Audrey Rivero, Reporter

Bisphenol A, commonly known as BPA, the chemical used in plastics universally, can increase the risk of asthma in school-age girls. These findings can be attributed to a study of around 3,000 pairs of mothers and children from six European countries. Although initially confusing in the regard of sex specifics, BPA is technically a synthetic estrogen, meaning it very closely resembles the natural chemical structure of estrogen.

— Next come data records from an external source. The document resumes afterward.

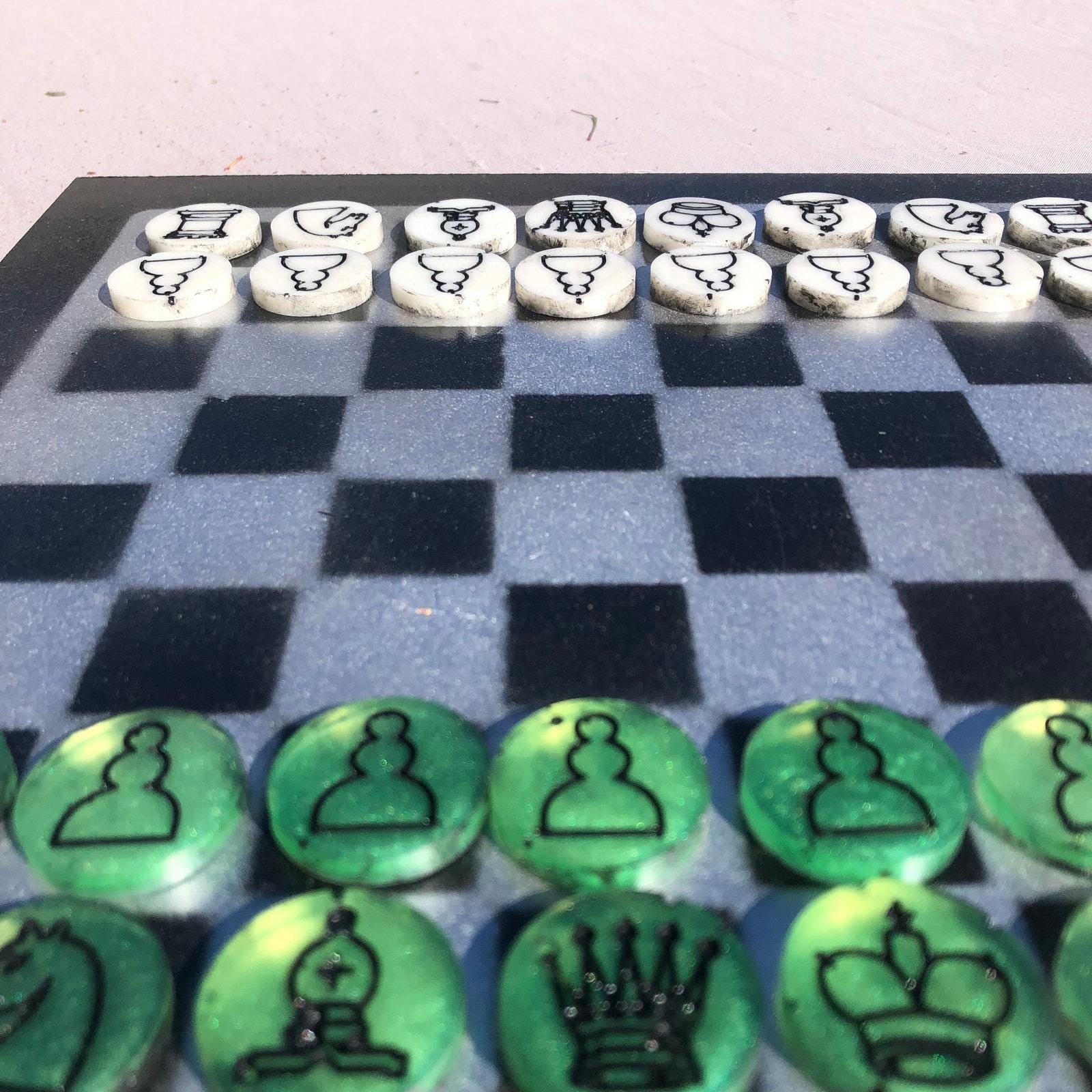 Introducing our exclusive Handcrafted Hardboard Chess Set, meticulously designed with precision and care. Measuring 12 inches by 12 inches, this chess set features a beautifully painted hardwood board that doubles as a work of art. Each set is a unique, one-of-a-kind creation, crafted by hand to ensure that no two sets are alike. Elevate your gaming experience with this exceptional chess set that combines vibrant design with the touch of artisan craftsmanship. This chess board comes with chess pieces.
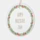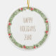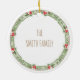 Happy Holidays 20XX Family Name Wreath Berries Ceramic Ornament
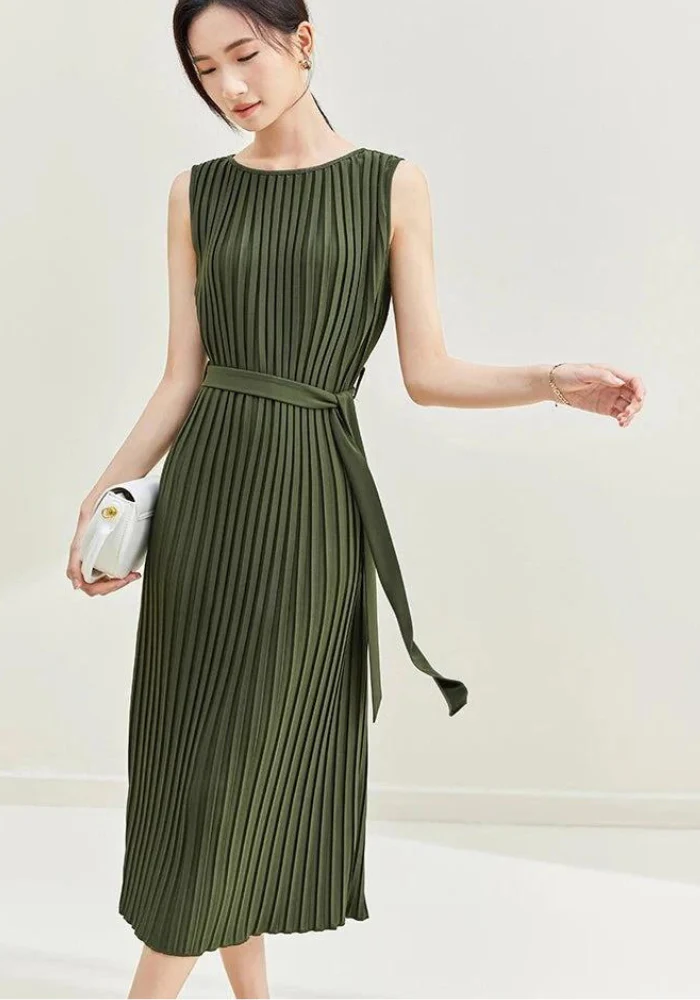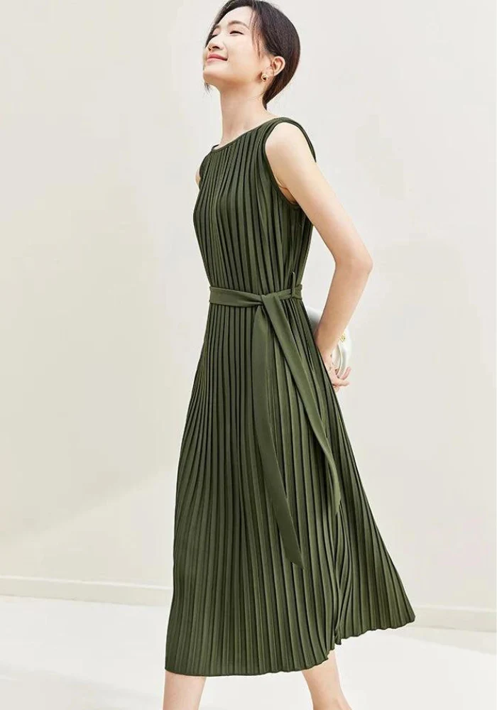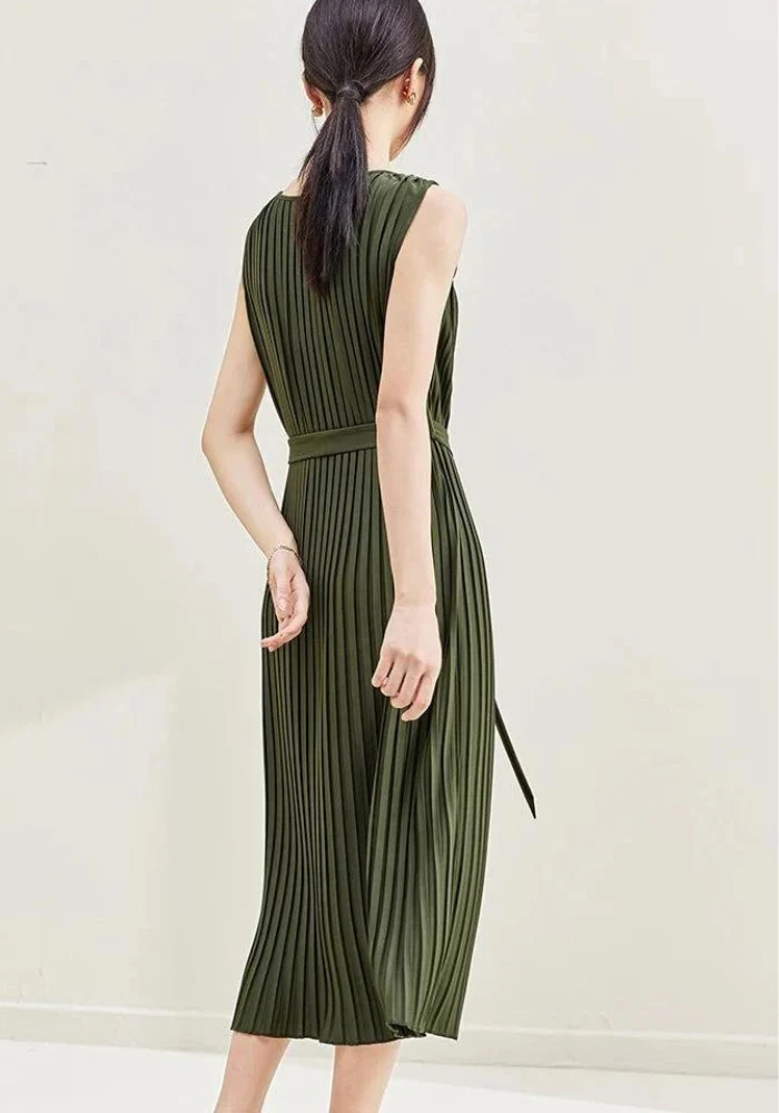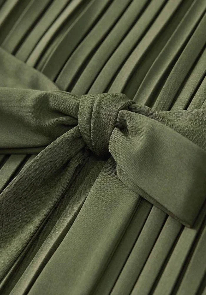 Découvrez la robe verte midi plissée, élégance et confort au rendez-vous
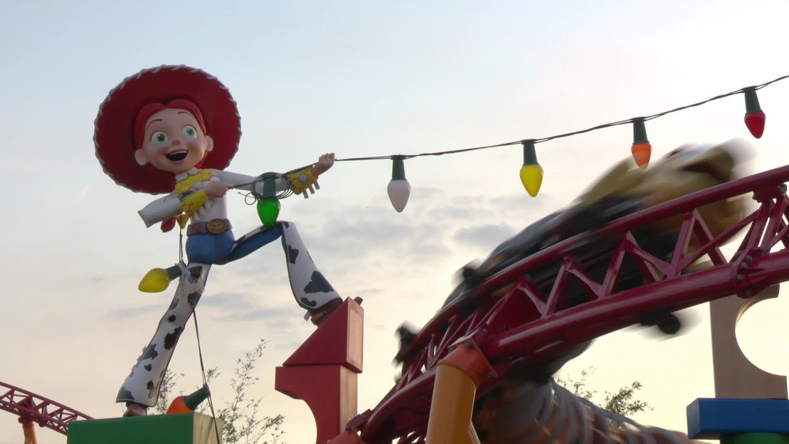 A montanha-russa tem visão panorâmica de toda área. E os brinquedos de Andy (em tamanho gigante) estão espalhados pelo cenário da atração. Em partes onde a montanha-russa dá voltas, o dinossauro Rex se equilibra no alto de um jogo de blocos tentando, com seus braços curtos, decorar uma torre com luzes de natal. Jessie está ali para ajudar.
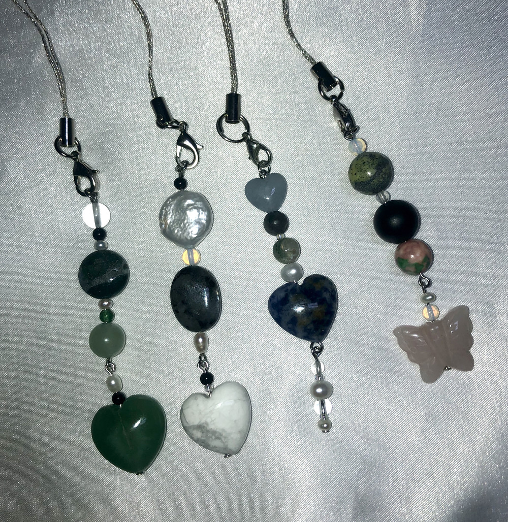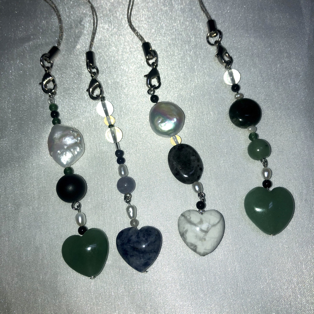 다양한 천연원석과 진주로 포인트를 준 키링으로 가방,휴대폰,바지등등
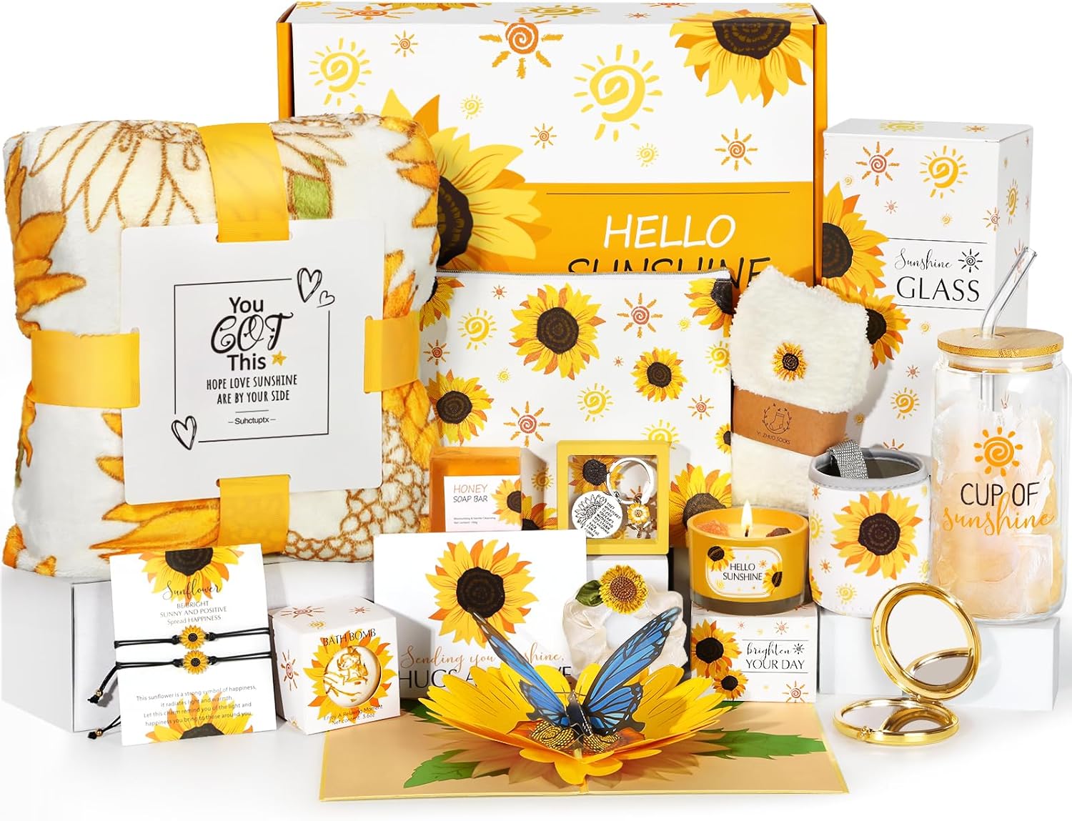 15 PCS SELF CARE GIFTS FOR WOMEN: (1)Sunflower Fleece Blanket, (2)16oz Glass Cups with Straw, (3)Cups Protective Cover, (4)Cosmetic Bag, (5)Fuzzy Socks, (6)Sunflower Bracelets, (7)Cosmetic Mirror, (8)Hair Scrunchie, (9)Crystal Scented Candle, (10)Motivational Keychain, (11)Bath Bomb, (12)Honey Soap Bar, (13)Small Greeting Card, (14)3D Pop Up Sunflower Butterfly Card, (15)Elegant Gift Box. A truly heartwarming and unique birthday gifts for her!

In the womb, during the development of the child, hormones play an immense role in the shaping of the baby’s health. Dr. Leonardo Trasande, director of environmental pediatrics at NYU Langone Health, had several possible outlooks into the situation. One of which he claims to be: “when a baby is growing in utero, the lung buds are shaped by a host of factors of which sex hormones are one, so if there’s an imbalance of sex hormones induced, for example, by an exogenous estrogen like BPA, that could be part of the story.”

BPA exposure is somewhat difficult to avoid, however there are a multitude of ways to avoid it on your day-to-day basis. Avoiding plastics in general is your best bet; when you put plastics to heat, they tend to release more of these harmful chemicals, so it’s best to avoid heating them by either microwave or dishwashers. Either way, the safety of these chemicals is not as dangerous as it sounds, and several reforms already exist to ensure consumer health.